Many Chief Financial Officers (CFOS) are eagerly concerned about their tax cost profiles and are eagerly managing them in order to increase profitability, according to the KPMG annual CFO Outlook Survey for 2019 which provides valuable insight into how CFOS and their organisations view the business environment.
This year’s survey report reveals most prominent areas of concern for CFO with respect to the government’s tax policies. They include: ambiguous tax provisions and lengthy tax dispute resolution process; aggressive tax collection drive; and multiplicity of taxes.
The CFOS views come on the heels of the Nigerian tax authorities estimating about 50 percent increase in tax revenues in 2019 compared with the previous year (2018) record.
The CFOS believe that the various tax and regulatory authorities will also be required to engender a more inclusive engagement model to drive the pro-business agenda of the Government.
They noted critical intervention areas such as: policy of using commission-based consultants; apparent absence of a risk-based approach to audits by the tax authorities, particularly the Federal Inland Revenue Service (FIRS); targeted investigation; prolonged tax audit process; lack of accountability on taxes collected or a lack of tax contribution reporting framework, by the Government; and multiple audits and regulatory
over-reach.
The survey quoted Sharafadeen Muhammed, CFO, Citi Bank saying, “It is commendable that the government is seeking to drive more tax revenues as our tax to GDP ratio of 4percent is very poor compared to other African countries. However, the approach adopted can be improved by shifting the focus on increasing the tax base.”
The survey also quoted Oluseyi Kumapayi, Chief Financial Officer, Access Bank, saying “the amount of inconsistency and lack of clarity on the tax regimes in the different jurisdictions/states makes life difficult for anyone who runs operations nationwide, it makes it hard to prepare”.
“Over the last two years, the growing tax collection drive and evolving tax environment have been major stay awake issues for many CFOS surveyed in the annual KPMG CFO Survey.
“This has been largely because of the growing government focus on tax – evidenced by the multiplicity of taxes, multi-agency tax reviews, among others. Not much of that concern seems to have gone away with the turn of a new year”, KPMG noted in the survey.
“We obtained the views of CFOS on the outlook for their businesses in 2019, what they believe the Government should prioritize to create an enabling environment and the impact of the finance function in achieving organizational goals,” said Tola Adeyemi, Partner and Head, Audit Services, KPMG in Nigeria.
“In comparison to 2018, CFOS are much less optimistic about the prospects for growth in the Nigerian Economy,” Adeyemi said.
He noted that the need to broaden the tax base rather than overburdening existing payers also remains a recurring theme.
“Our study revealed that the critical ‘stay awake’ issues for CFOS for 2019 are: profitability and cost management issues; macroeconomic issues, and tax and regulatory policy. In some respects, these are the traditional stay awake issues one would expect within the context of a fragile economy,” he said.

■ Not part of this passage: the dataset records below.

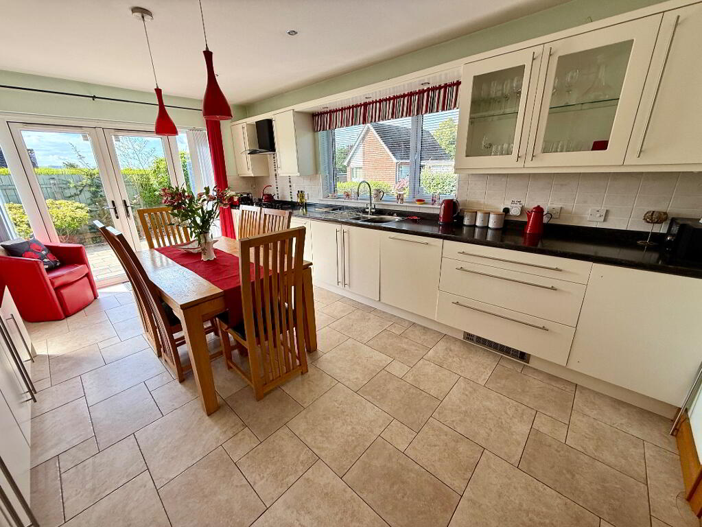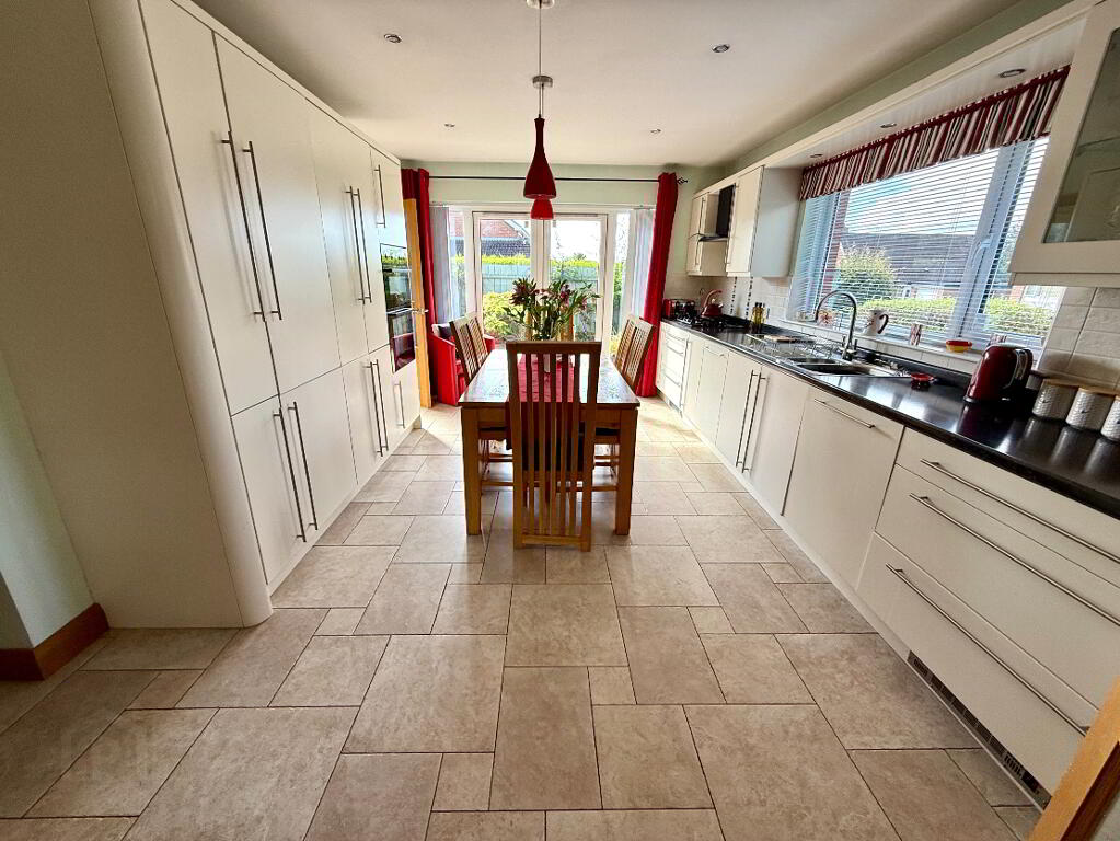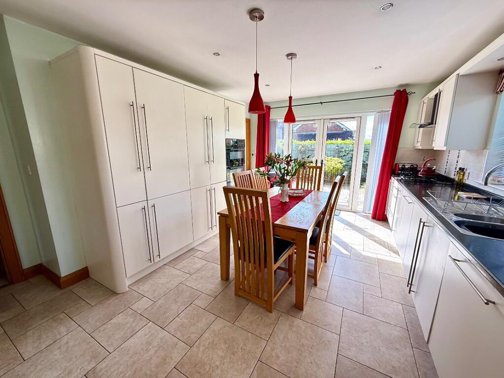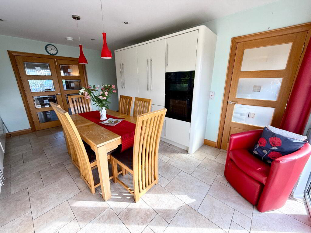 Kitchen/Dining 17'4 x 13'7 (to widest points) Dual aspect, eye and low level units, glazed display unit, bank of tall units comprising of larder cupboard, integrated fridge/freezer and broom cupboard, double wall oven, 1 1/2 bowl stainless steel sink unit with mixer tap, hob and extractor fan, integrated dishwasher, partly tiled walls, tiled floor, recessed lighting, underfloor heating.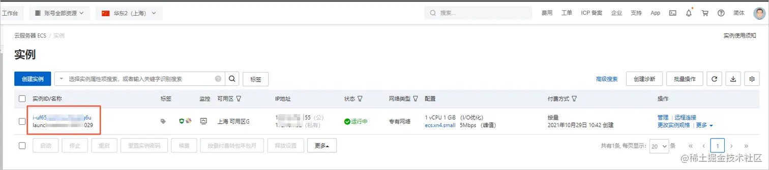 您可以在云产品资源列表中查看到您的ECS实例ID。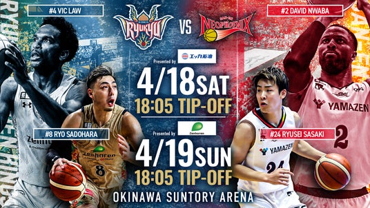 4月18日(土),19日(日)は、三遠ネオフェニックスを沖縄サントリーアリーナへ迎えてのホーム戦です。1勝1敗のタイとなった11月のアウェー戦以来、約5ヶ月を経たこの最終盤での再戦は白熱必至です。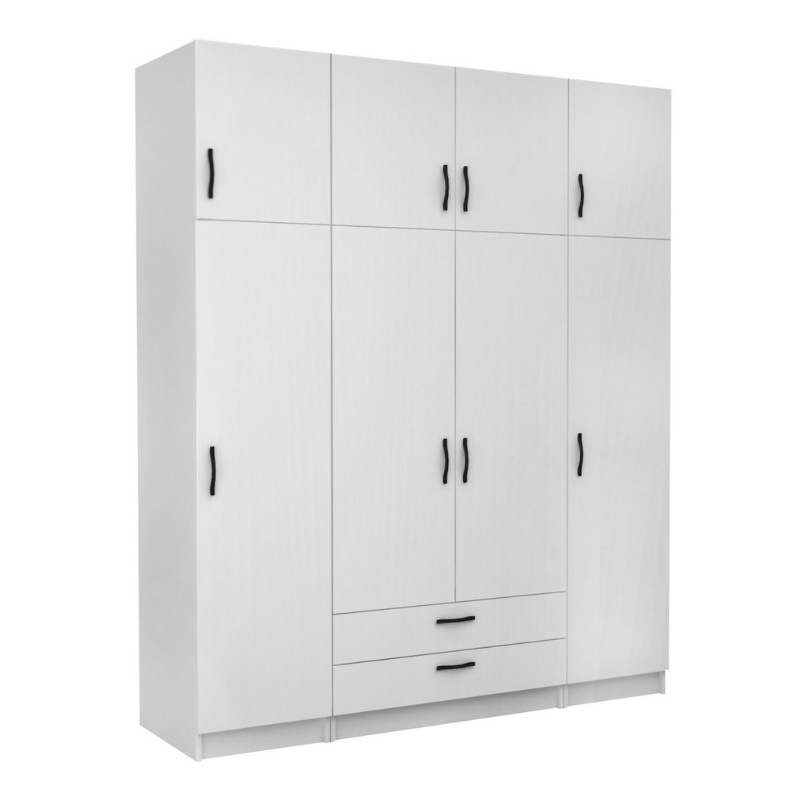 Ντουλάπα ρούχων Victoria Megapap τετράφυλλη με πατάρι και συρτάρια χρώμα λευκό 200x60x240εκ.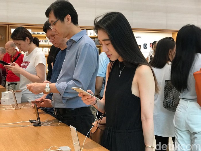 Asyiknya menjajalΒ iPhone baru di Apple Store Singapura. (Foto: detikINET/Adi Fida Rahman)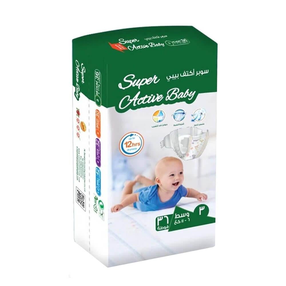 سوبر أكتف بيبي حفاضات أطفال وسط عمر 3 سنوات - 36 فوطة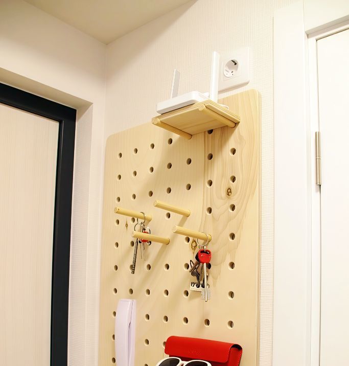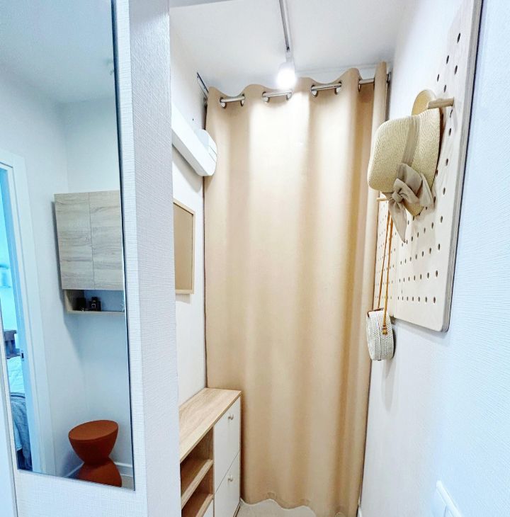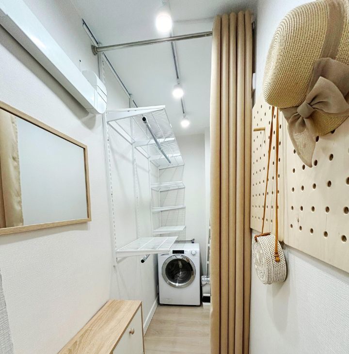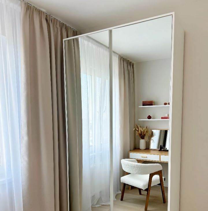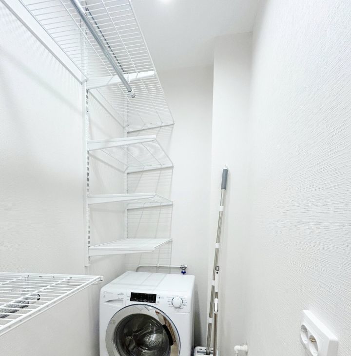 Особенность квартиры — встроенная просторная гардеробная с системой хранения, где можно перевесить все полки и штанги на свое усмотрение.

The Federal Inland Revenue Service (FIRS) re-wrote Nigeria’s revenue collection history in 2018 when it collected a total of N5.320trillion. Tunde Fowler, Executive Chairman (FIRS) said it is targeting N8trillion for 2019.
The ongoing integration of databases will fetch the nation a total of 45million individual and corporate taxpayers, Oseni Elamah, Executive Secretary, Joint Tax Board (JTB) said recently in Abuja.
“Government’s sustained focus on increasing revenue through taxation remains a key issue. This is consistent with our survey outcome from 2018. CFOS remain concerned about ambiguous tax laws, the perceived aggressive tax collection drive by government and multiplicity of taxes”, Adeyemi added.
As increasing tax burden continues to erode profits of many businesses, KPMG believes that the usefulness of tax technology in achieving tax cost optimisation cannot be over emphasised.
It stated that “deliberate adoption of the right tax technology by organisations will significantly help to put the mind of tax managers and CFOS, at rest in terms of their tax compliance and tax planning.”
“In adopting tax technology, CFOS would need to first review their businesses and operational framework to determine which areas would most benefit from a tax technology intervention.
“Thereafter, the company’s Enterprise Resource Planning (ERP) system would need to be assessed to determine compatibility. Where unique specifications are also required, this may be achieved with the help of the tax technology vendors, working closely with the tax team and in-house IT Unit.
“Continuous monitoring and evaluation would also be required to ensure that the technology is fitfor-purpose and effective at meeting its set objectives”, KPMG noted.